Problem to work on >> Each record below must be reproduced exactly as it reads, with its images omitted.

=== Records for this task ===

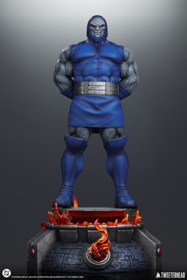 This fully sculpted Darkseid comes in a faithful interpretation of his legendary classic design, standing atop an Apokolips inspired base towering like a monument to the ultimate cosmic tyrant!
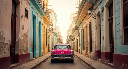 Vintage pink car driving through narrow colorful street in havana, cuba
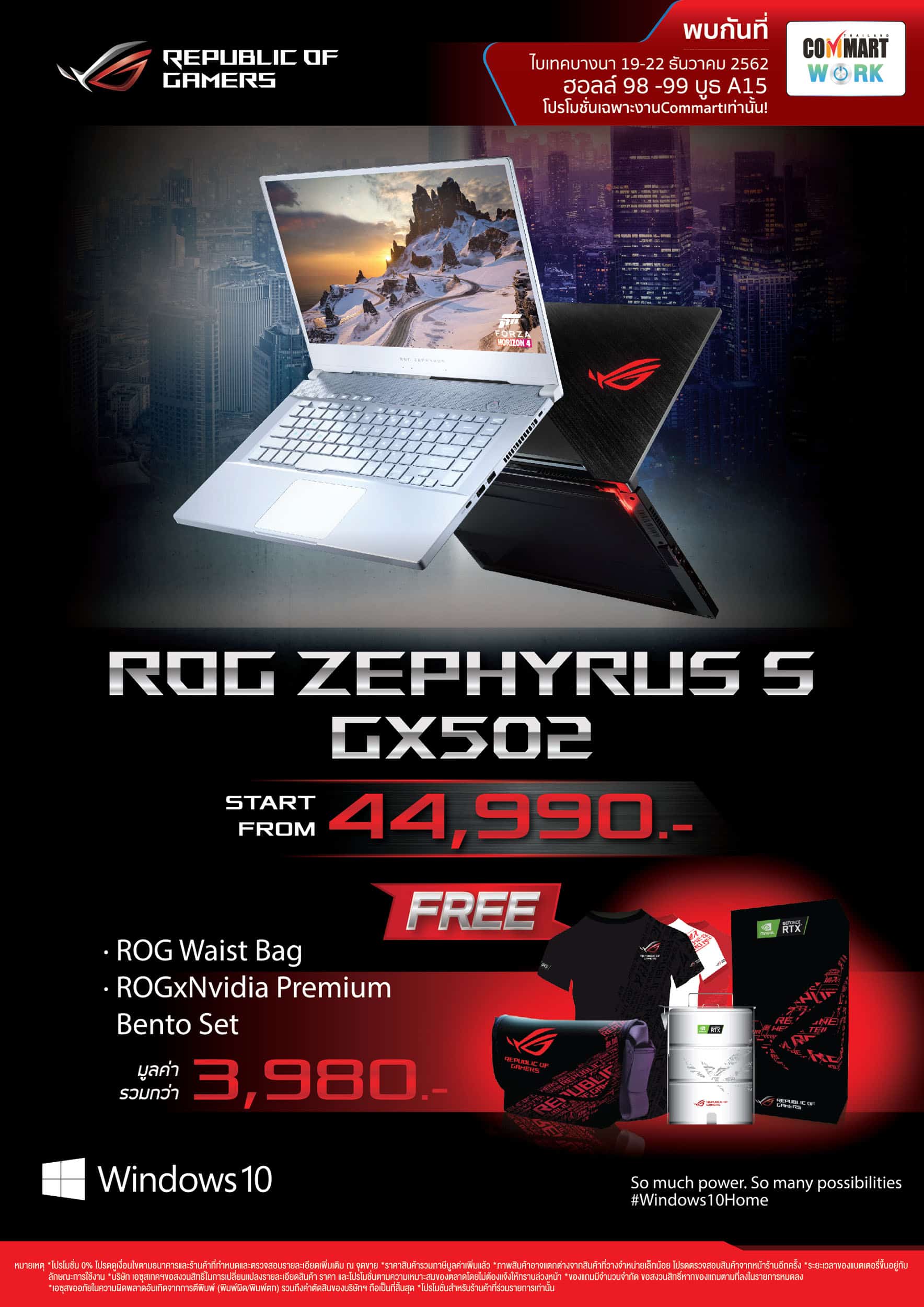 ฟรี ROG Waist Bag และ ROG x Nvidia Premium Bento Set รวมมูลค่า 3,980 บาท* - ซื้อโน้ตบุ๊ก ROG Zephyrus G (GA502DU) ฟรี AMD Backpack มูลค่า 1,590 บาท*
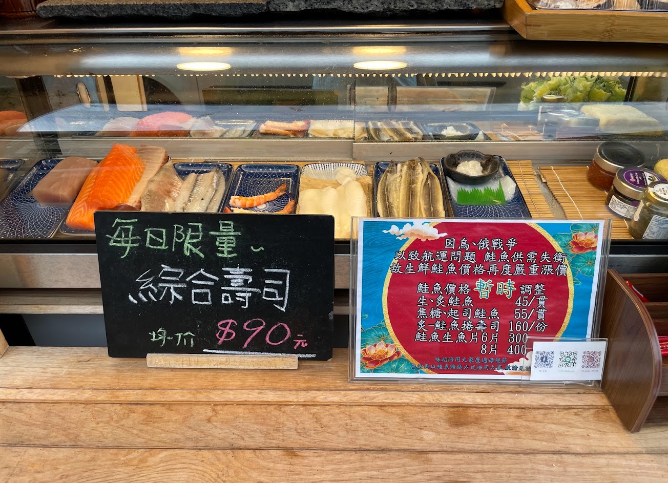 看到別人分享就對沖繩飯糰很有興趣!!早上6:30就開的日式料理小店,鮭魚捲壽司-炙燒這樣厚厚又大片的鮭魚一份才95元???
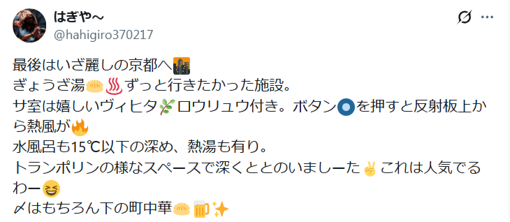 今回は、京都にある「ぎょうざ湯」のシステム・予約方法・料金を解説します。
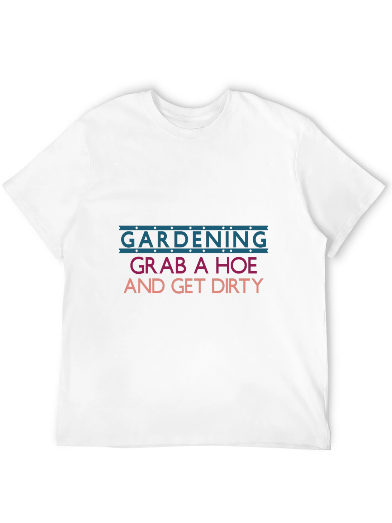 This stylish black t-shirt features a playful gardening-themed design. The graphic includes the words "GARDENING," "GRAB A HOE," and "AND GET DIRTY" in a stacked format with decorative lines above and below the word "GARDENING." The text is displayed in a combination of blue and pink hues, providing a fun and eye-catching contrast against the black background of the shirt. Made from a soft-looking fabric, this casual wear is perfect for any gardening enthusiast with a sense of humor. It’s ideal for wearing while tending to your garden or as a comfortable everyday tee.
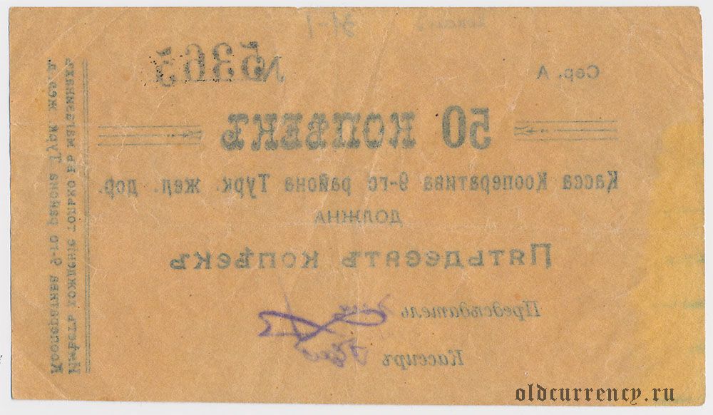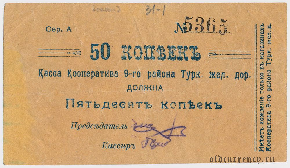 Коканд, Касса Кооператива 9-го р-на Туркестанской ж.д., 50 копеек
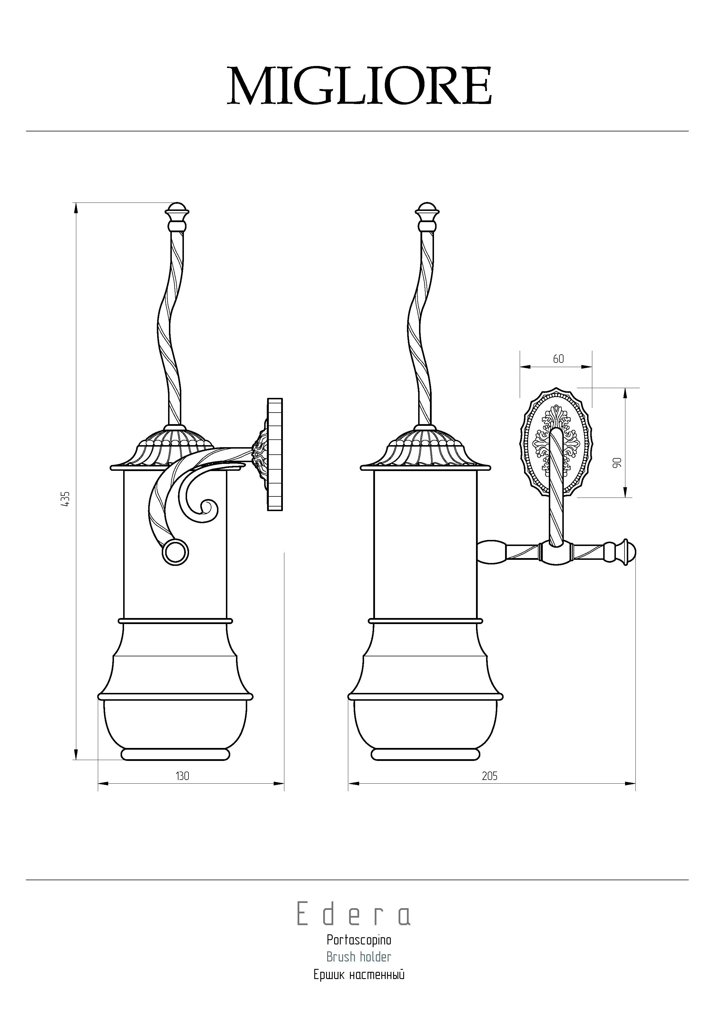 Настенный ершик коллекции EDERA бренда MIGLIORE - это функциональный аксессуар для ванной комнаты. Керамическая колба выглядит красиво и эстетично, ее легко мыть, и размещенный на стене ерш не мешает при уборке пола.Благодаря витым элементам аксессуары коллекции EDERA будут смотреться элегантно в классическом интерьере ванной комнаты.
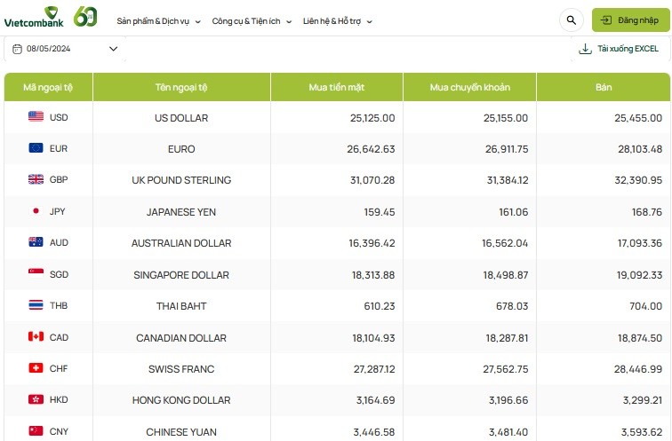 | Tỷ giá AUD hôm nay 8/5/2024. Ảnh chụp màn hình lúc 10h |
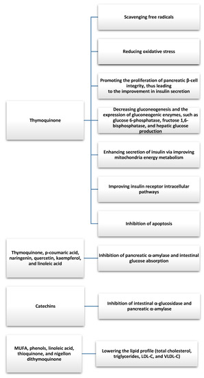 - Mahomoodally, M.F.; Aumeeruddy, M.Z.; Legoabe, L.J.; Montesano, D.; Zengin, G. Nigella sativa L. and its active compound thymoquinone in the clinical management of diabetes: A systematic review. Int. J. Mol. Sci. 2022, 11, 12111. [Google Scholar] [CrossRef]
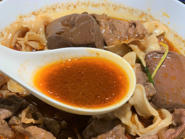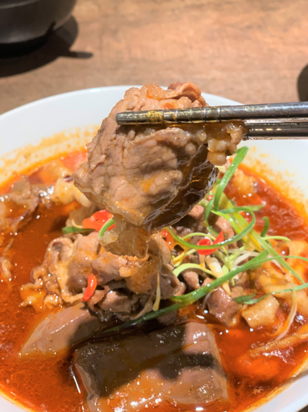 ▼二鬼麵舖 湯拉麵系列:麻辣PR黑牛嫩肩(寬麵)$235元
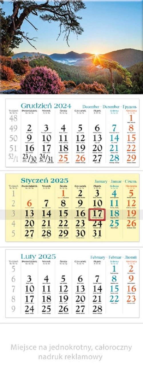 Kalendarz 2025 trójdzielny Pejzaż
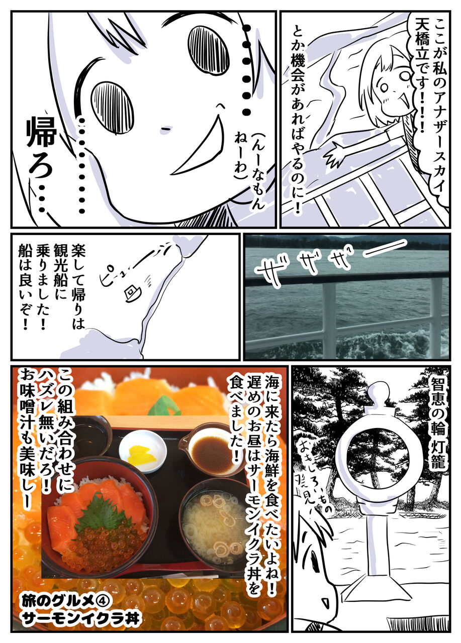 2023年08月09日 【旅行】一人旅で天橋立に行ったら最高だった話 ⑤【日本三景】 前回の記事はこちら パノラマ展望台は成相寺まで行く観光客は少ないので、風情あってゆっくり天橋立も見れるので穴場です!疲れ切った現代人はエネルギーチャージに行くべし!また更新します!■□■□■□■□■□■□■□■□■□■□ブログのまんがをまとめました!一気読みはこちら!無料です!にほんブログ村登録してみました! タグ :#天橋立 「一人旅」カテゴリの最新記事 < 前の記事次の記事 > コメント コメントフォーム 名前 コメント 記事の評価 リセット リセット 顔 星 情報を記憶 コメントを投稿する

===

Task result >>
 This fully sculpted Darkseid comes in a faithful interpretation of his legendary classic design, standing atop an Apokolips inspired base towering like a monument to the ultimate cosmic tyrant!
 Vintage pink car driving through narrow colorful street in havana, cuba
 ฟรี ROG Waist Bag และ ROG x Nvidia Premium Bento Set รวมมูลค่า 3,980 บาท* - ซื้อโน้ตบุ๊ก ROG Zephyrus G (GA502DU) ฟรี AMD Backpack มูลค่า 1,590 บาท*
 看到別人分享就對沖繩飯糰很有興趣!!早上6:30就開的日式料理小店,鮭魚捲壽司-炙燒這樣厚厚又大片的鮭魚一份才95元???
 今回は、京都にある「ぎょうざ湯」のシステム・予約方法・料金を解説します。
 This stylish black t-shirt features a playful gardening-themed design. The graphic includes the words "GARDENING," "GRAB A HOE," and "AND GET DIRTY" in a stacked format with decorative lines above and below the word "GARDENING." The text is displayed in a combination of blue and pink hues, providing a fun and eye-catching contrast against the black background of the shirt. Made from a soft-looking fabric, this casual wear is perfect for any gardening enthusiast with a sense of humor. It’s ideal for wearing while tending to your garden or as a comfortable everyday tee.
 Коканд, Касса Кооператива 9-го р-на Туркестанской ж.д., 50 копеек
 Настенный ершик коллекции EDERA бренда MIGLIORE - это функциональный аксессуар для ванной комнаты. Керамическая колба выглядит красиво и эстетично, ее легко мыть, и размещенный на стене ерш не мешает при уборке пола.Благодаря витым элементам аксессуары коллекции EDERA будут смотреться элегантно в классическом интерьере ванной комнаты.
 | Tỷ giá AUD hôm nay 8/5/2024. Ảnh chụp màn hình lúc 10h |
 - Mahomoodally, M.F.; Aumeeruddy, M.Z.; Legoabe, L.J.; Montesano, D.; Zengin, G. Nigella sativa L. and its active compound thymoquinone in the clinical management of diabetes: A systematic review. Int. J. Mol. Sci. 2022, 11, 12111. [Google Scholar] [CrossRef]
 ▼二鬼麵舖 湯拉麵系列:麻辣PR黑牛嫩肩(寬麵)$235元
 Kalendarz 2025 trójdzielny Pejzaż
 2023年08月09日 【旅行】一人旅で天橋立に行ったら最高だった話 ⑤【日本三景】 前回の記事はこちら パノラマ展望台は成相寺まで行く観光客は少ないので、風情あってゆっくり天橋立も見れるので穴場です!疲れ切った現代人はエネルギーチャージに行くべし!また更新します!■□■□■□■□■□■□■□■□■□■□ブログのまんがをまとめました!一気読みはこちら!無料です!にほんブログ村登録してみました! タグ :#天橋立 「一人旅」カテゴリの最新記事 < 前の記事次の記事 > コメント コメントフォーム 名前 コメント 記事の評価 リセット リセット 顔 星 情報を記憶 コメントを投稿する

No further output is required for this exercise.